Hi all,
Apologies that I don't have a lot of experience with this stuff, but It's been a long time since I am struggling with this issue.
I am aligning my RNA seq data of a heterologous gene library from nanopore to the reference database, and I am getting such mismatches.
I have verified my reference database, there is no problem with that, I think some of the genes are misaligning with others. I wanted your suggestions on what parameters can I set with the minimap2 aligning command so these mismatches disappear. Currently, my command line looks like this:
minimap2 -ax map-ont reference.fasta rna_seq.fastq > output.sam
After this, I also filter the alignments to keep only primary ones (FLAG 0 & 16) with a mapping quality of at least 10 (MAPQ10).
I would really appreciate your help. Thanks
What "heterologous" library is this? Are there more than one gene/region included? Are you aligning to a combined reference of human genome + this heterologous library? You can't align to the heterologous library alone, if the dataset is from entire genome. What is the aim of this experiment? To show that the heterologous library is being expressed without acquiring any mutations?
Hi,
Thanks for your reply.
I am trying to express ~200 synonymous variants of a non-human gene in human cells to see how codon usage influences gene expression. Synonymous variants encode the same protein but have different nucleotide composition. Thus calling it a heterologous gene library. The library is barcoded, each variant is associated with a unique barcode for identification.

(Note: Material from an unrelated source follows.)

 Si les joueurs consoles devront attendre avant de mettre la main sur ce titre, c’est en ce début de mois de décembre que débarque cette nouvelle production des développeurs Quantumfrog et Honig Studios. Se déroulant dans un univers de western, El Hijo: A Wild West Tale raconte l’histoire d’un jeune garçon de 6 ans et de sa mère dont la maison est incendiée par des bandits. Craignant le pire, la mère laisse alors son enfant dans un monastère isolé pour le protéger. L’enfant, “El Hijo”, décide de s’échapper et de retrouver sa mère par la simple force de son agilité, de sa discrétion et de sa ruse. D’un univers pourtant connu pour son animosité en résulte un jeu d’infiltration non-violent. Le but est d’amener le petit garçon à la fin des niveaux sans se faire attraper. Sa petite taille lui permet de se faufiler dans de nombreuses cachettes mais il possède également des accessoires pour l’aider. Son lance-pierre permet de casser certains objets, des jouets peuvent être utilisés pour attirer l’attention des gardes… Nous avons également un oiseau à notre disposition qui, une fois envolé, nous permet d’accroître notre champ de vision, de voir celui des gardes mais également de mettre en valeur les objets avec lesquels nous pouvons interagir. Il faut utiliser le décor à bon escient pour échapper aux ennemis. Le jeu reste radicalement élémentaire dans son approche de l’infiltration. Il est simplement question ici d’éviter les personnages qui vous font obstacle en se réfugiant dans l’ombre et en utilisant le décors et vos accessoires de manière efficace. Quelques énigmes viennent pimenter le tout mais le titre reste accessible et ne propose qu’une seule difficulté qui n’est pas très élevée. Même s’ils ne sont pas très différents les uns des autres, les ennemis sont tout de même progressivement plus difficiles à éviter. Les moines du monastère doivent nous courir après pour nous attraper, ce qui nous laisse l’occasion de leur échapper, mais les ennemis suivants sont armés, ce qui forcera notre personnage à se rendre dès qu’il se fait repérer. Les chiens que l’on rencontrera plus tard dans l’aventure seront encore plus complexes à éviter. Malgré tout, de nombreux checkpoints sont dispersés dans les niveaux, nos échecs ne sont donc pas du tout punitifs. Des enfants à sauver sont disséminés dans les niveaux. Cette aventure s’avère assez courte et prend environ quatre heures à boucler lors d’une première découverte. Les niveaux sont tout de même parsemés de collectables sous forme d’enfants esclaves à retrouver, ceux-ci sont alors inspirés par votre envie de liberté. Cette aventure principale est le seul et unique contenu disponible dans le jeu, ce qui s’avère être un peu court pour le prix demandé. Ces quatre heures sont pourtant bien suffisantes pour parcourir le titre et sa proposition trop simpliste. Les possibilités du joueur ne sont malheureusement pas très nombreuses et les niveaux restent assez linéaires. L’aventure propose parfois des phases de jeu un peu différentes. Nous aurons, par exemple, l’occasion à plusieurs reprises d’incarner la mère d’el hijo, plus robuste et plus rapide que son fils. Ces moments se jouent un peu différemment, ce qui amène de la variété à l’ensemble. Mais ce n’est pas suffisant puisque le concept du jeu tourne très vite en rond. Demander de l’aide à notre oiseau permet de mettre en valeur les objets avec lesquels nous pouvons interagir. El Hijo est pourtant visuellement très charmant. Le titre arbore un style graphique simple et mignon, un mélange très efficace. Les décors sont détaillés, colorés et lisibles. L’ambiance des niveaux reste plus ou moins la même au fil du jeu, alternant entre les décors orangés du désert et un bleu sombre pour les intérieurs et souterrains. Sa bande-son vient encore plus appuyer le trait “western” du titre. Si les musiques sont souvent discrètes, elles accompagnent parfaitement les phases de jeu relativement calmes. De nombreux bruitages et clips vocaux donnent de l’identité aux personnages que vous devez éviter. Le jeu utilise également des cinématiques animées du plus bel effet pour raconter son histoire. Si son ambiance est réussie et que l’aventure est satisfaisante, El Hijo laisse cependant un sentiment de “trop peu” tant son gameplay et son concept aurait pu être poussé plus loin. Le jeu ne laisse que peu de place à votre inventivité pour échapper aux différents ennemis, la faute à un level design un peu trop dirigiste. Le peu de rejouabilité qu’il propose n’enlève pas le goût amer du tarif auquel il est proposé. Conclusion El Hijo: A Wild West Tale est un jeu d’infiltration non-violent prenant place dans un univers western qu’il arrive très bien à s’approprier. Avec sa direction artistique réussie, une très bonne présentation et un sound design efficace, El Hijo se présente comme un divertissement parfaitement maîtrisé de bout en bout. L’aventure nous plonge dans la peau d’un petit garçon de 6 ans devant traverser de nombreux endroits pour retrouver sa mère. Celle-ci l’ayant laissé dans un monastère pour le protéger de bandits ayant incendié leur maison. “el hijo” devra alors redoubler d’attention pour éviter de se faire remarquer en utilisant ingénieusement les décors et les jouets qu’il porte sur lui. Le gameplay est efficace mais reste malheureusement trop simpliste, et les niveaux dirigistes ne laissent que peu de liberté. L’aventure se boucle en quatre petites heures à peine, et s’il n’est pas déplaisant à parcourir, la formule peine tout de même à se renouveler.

After expressing this library in human cells, I am trying to sequence the total mRNA using nanopore MinION. This experiment has nothing to do with human genes, thus I am only aligning the sequencing results with the synonymous variant database. But yes, whole mRNA is sequenced in the experiment and the data produced is a mix of human mRNA + synonymous variants mRNAs.

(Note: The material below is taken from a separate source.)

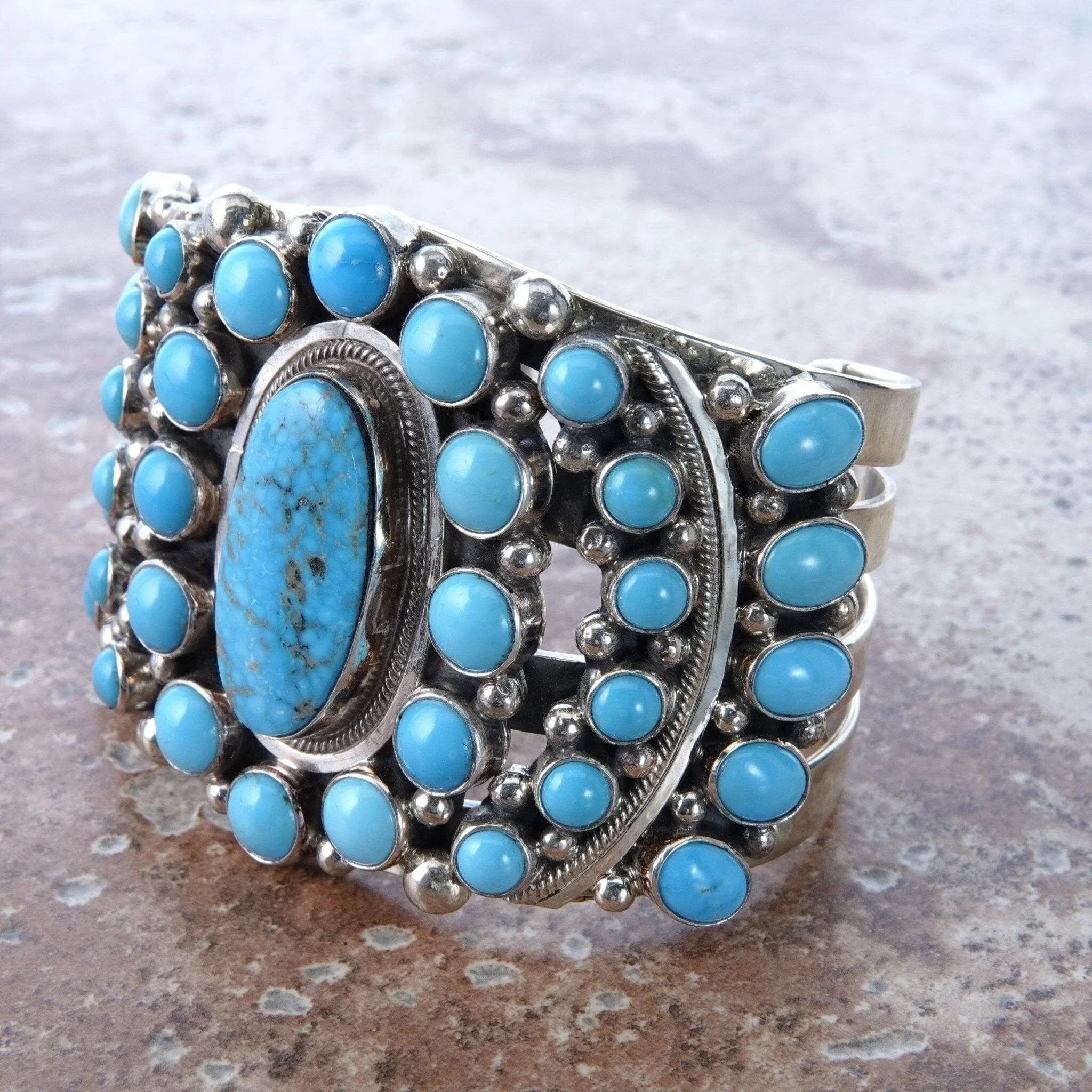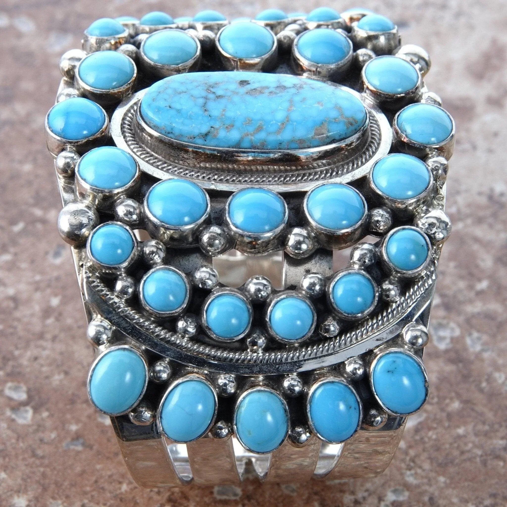 Measures 2 inches wide in the center and tapers at the opening. This piece has<br>the Sleeping Beauty Turquoise stones throughout. The center stone is Oval and<br>the accent cabochon pieces are meticulously hand set with hand made rain drop<br>beads. Inside measures 5.5 inches plus a gap of 1 inch. It could possibly be<br>sized by a professional. Stamped Sterling and Signed "Kathleen Chavez". Weighs<br>105.8 Grams. Native American, Navajo, Southwestern Indian Jewelry.Kathleen<br>Livingston Chavez was born in Church Rock, New Mexico, December 17, 1958. Today,<br>Kathleen lives in Church Rock with her husband Lorenzo Juan, and works out of<br>Gallup, New Mexico. She started to silversmith in 1974, making earrings, rings,<br>and ‘slave bracelets’. In 1994, she began to challenge herself to create<br>higher-end jewelry, which she says is “much more fun to make, because of the<br>amount of thought and imagination that goes into it.”

The aim of the experiment is to see the difference in the mRNA levels of each variant.
I do not think I can provide a proper parameter set of minimap2 to make those mismatches dissapear as it might not be the problem of minimap2. In my opinion, you should do some checks.
Why can't the mismatches be SNVs? Most of them look real to me. Of course, you can't be exactly sure unless you perform a variant calling with the RNA-seq data (its just an analysis that could be done in addition to the usual gene expression analysis,but, of course, not replacing the traditional whole genome sequencing data)

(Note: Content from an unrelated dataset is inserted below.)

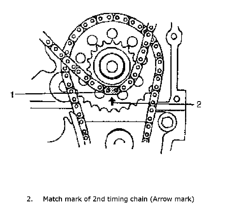4) Install 2nd timing chain by aligning yellow plate (1) of 2nd timing chain and match marks on idler sprocket.

Hi, Thanks for your reply.
I am trying to express ~200 synonymous variants of a non-human gene in human cells to see how codon usage influences gene expression. Synonymous variants encode the same protein but have different nucleotide composition. On each codon first and last nucleotide is variable. I think some other synonymous variants are aligning to this particular variant, but I have so far not checked the sequence of mismatches to see if they are another variants or something else. I will check this.
Do you still think variant calling can be helpful? As I already know the sequences of each variant in library. Many thanks.